◆ YOUR GOAL: Look below for the line that has "Test bench for"; output exactly from it through the line that has "No, seriously. I’ve", and leave the pictures out.

◆ INFORMATION SUPPLIED:
——————————
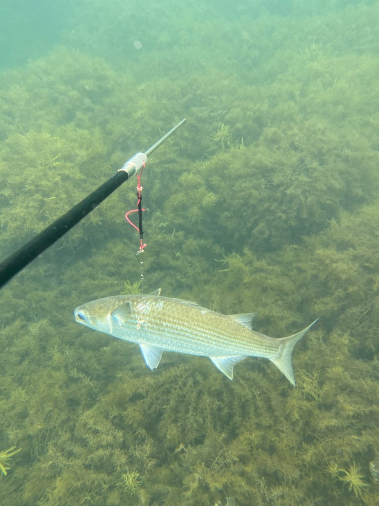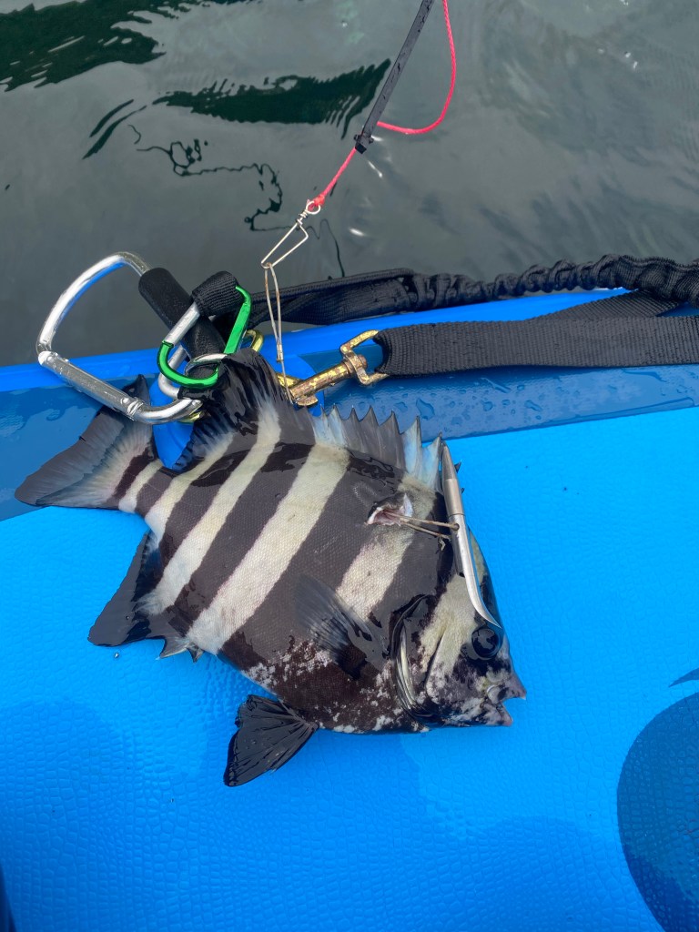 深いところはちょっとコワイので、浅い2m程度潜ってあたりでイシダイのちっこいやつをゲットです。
——————————
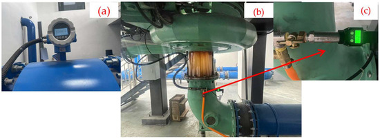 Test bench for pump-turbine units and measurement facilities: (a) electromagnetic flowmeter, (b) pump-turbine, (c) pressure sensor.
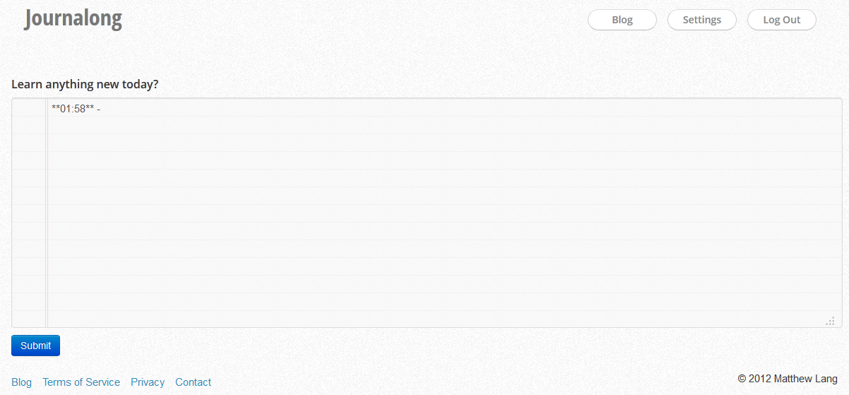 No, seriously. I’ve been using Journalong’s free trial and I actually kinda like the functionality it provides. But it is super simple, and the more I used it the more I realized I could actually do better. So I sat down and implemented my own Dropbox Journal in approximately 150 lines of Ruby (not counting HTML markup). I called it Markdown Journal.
——————————
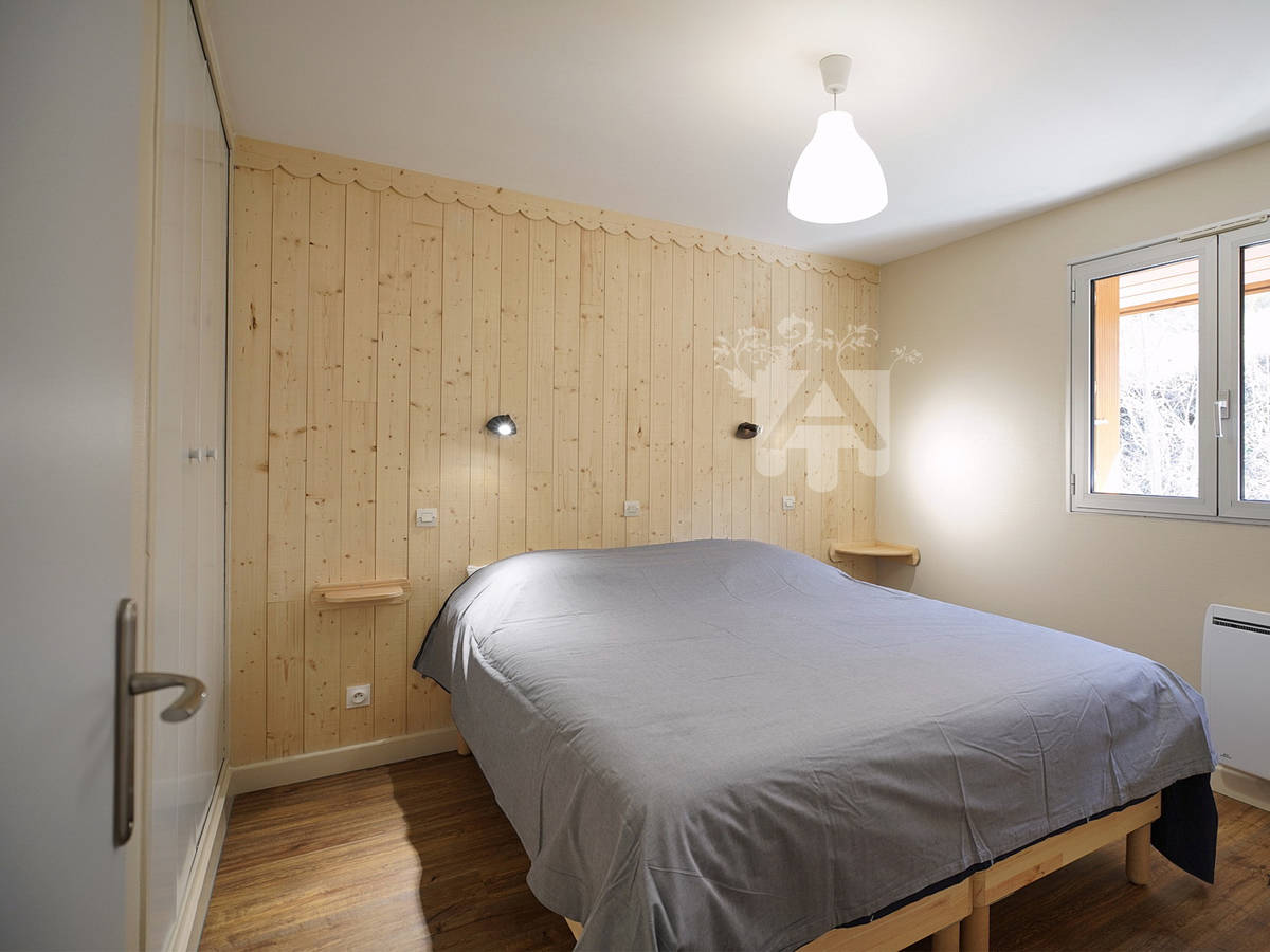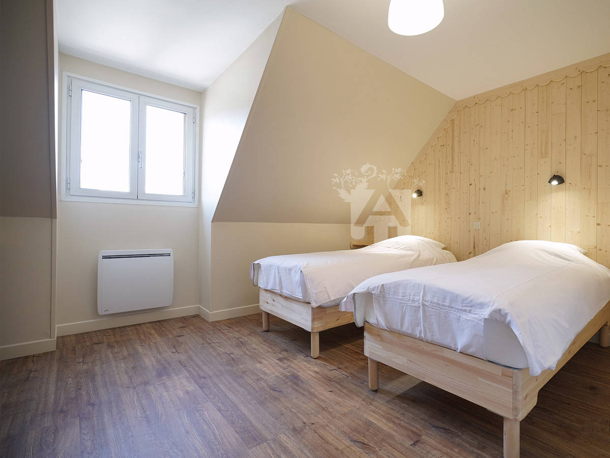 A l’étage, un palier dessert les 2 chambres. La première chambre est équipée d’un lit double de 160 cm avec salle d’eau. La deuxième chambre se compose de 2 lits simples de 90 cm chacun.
——————————
◆ RESPONSE:
 Test bench for pump-turbine units and measurement facilities: (a) electromagnetic flowmeter, (b) pump-turbine, (c) pressure sensor.
 No, seriously. I’ve been using Journalong’s free trial and I actually kinda like the functionality it provides. But it is super simple, and the more I used it the more I realized I could actually do better. So I sat down and implemented my own Dropbox Journal in approximately 150 lines of Ruby (not counting HTML markup). I called it Markdown Journal.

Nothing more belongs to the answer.